REQUIRED WORK: Write out only the lines from the line that holds "Foster Lane Farm" to the end of the listing below, inclusive, with the pictures omitted.

INFORMATION SUPPLIED Block Start

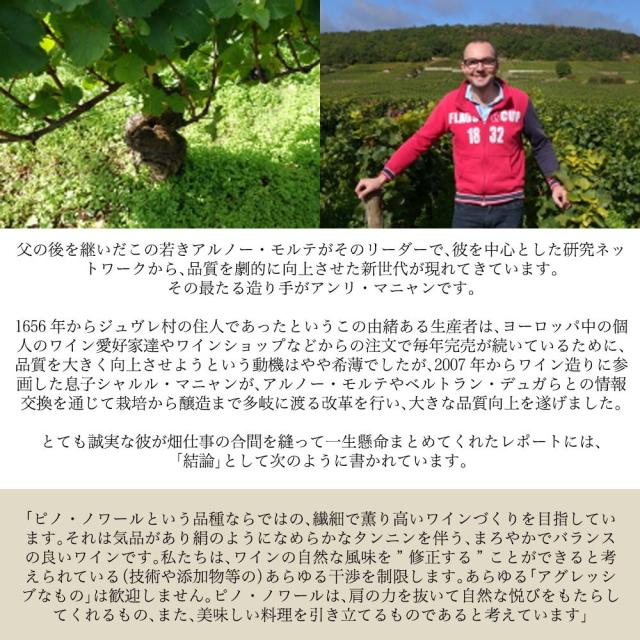 【(当店オーナー広瀬の体験談より)このドメーヌのワインを販売するにあたり当店オーナー広瀬も2009年秋と2010年春のブルゴーニュ訪問で感じた事として、会議の中で触れていました。特にこのアンリ・マニャン以外にも、超完璧主義者として有名なドゥニ・モルテの息子、アルノーモルテを中心にベルトラン・デュガ達と研究ネットワーク(情報交換に参加)している(次回は絶対手に入れたい)ドメーヌP〜、L〜などがある。
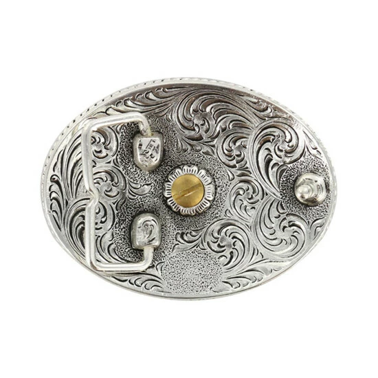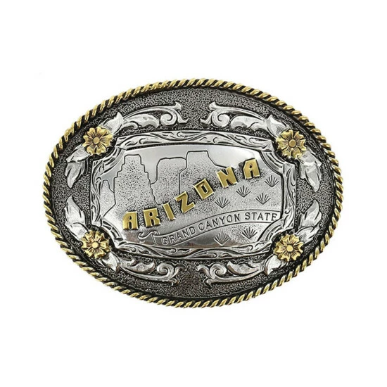 If you love Arizona, you’ll love this belt buckle by Cody James. Featuring a gold and silver tone finish, this buckle has “Arizona” and “Grand Canyon State” lettering across the front atop a Grand Canyon imagery background. Floral details and twisted rope trim complete the look. Pair this bold buckle with your favorite outfit for a night on the town and put your state pride on display.
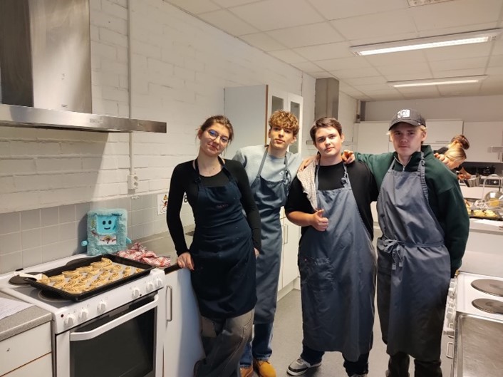 În a patra zi a mobilității, după micul dejun, noi, cei din echipa albastră, am avut ocazia să jucăm un meci de Floorball timp de o oră. Echipa portocalie a participat la o oră de Home economics care a constat în prepararea unor prăjituri de Crăciun, cum ar fi turta dulce sau Roll Cake. Fiind înfometați după activități, ne-am bucurat cu toții de desertul preparat, iar la masa de prânz am avut ocazia să socializăm cu restul copiilor.
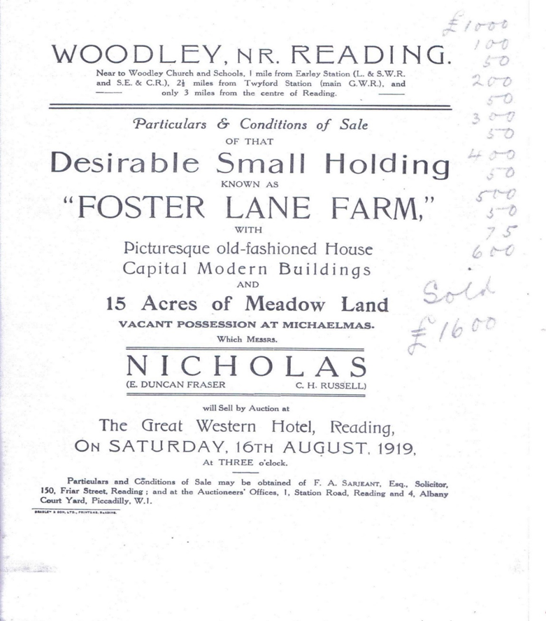 Foster Lane Farm was sold in 1919 as a small dairy farm.
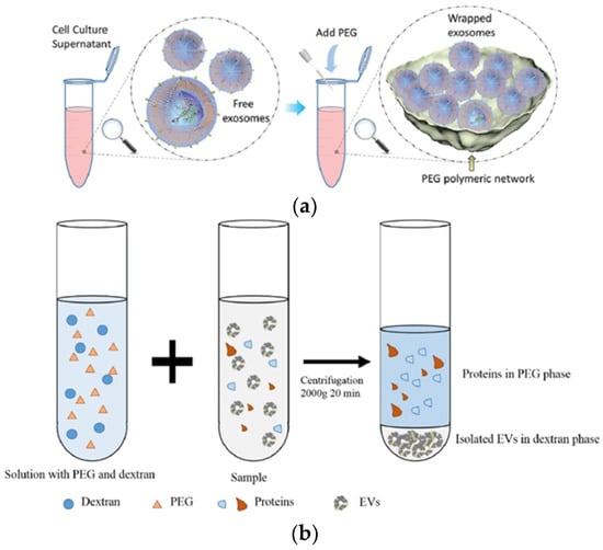 Polymer based exosome isolation of (a) polyethylene glycol (PEG) [52] and (b) aqueous two-phase system (ATPS) [37]. Reprinted with permission from [37,52].

INFORMATION SUPPLIED Block End

SOLVED PROBLEM:
 Foster Lane Farm was sold in 1919 as a small dairy farm.
 Polymer based exosome isolation of (a) polyethylene glycol (PEG) [52] and (b) aqueous two-phase system (ATPS) [37]. Reprinted with permission from [37,52].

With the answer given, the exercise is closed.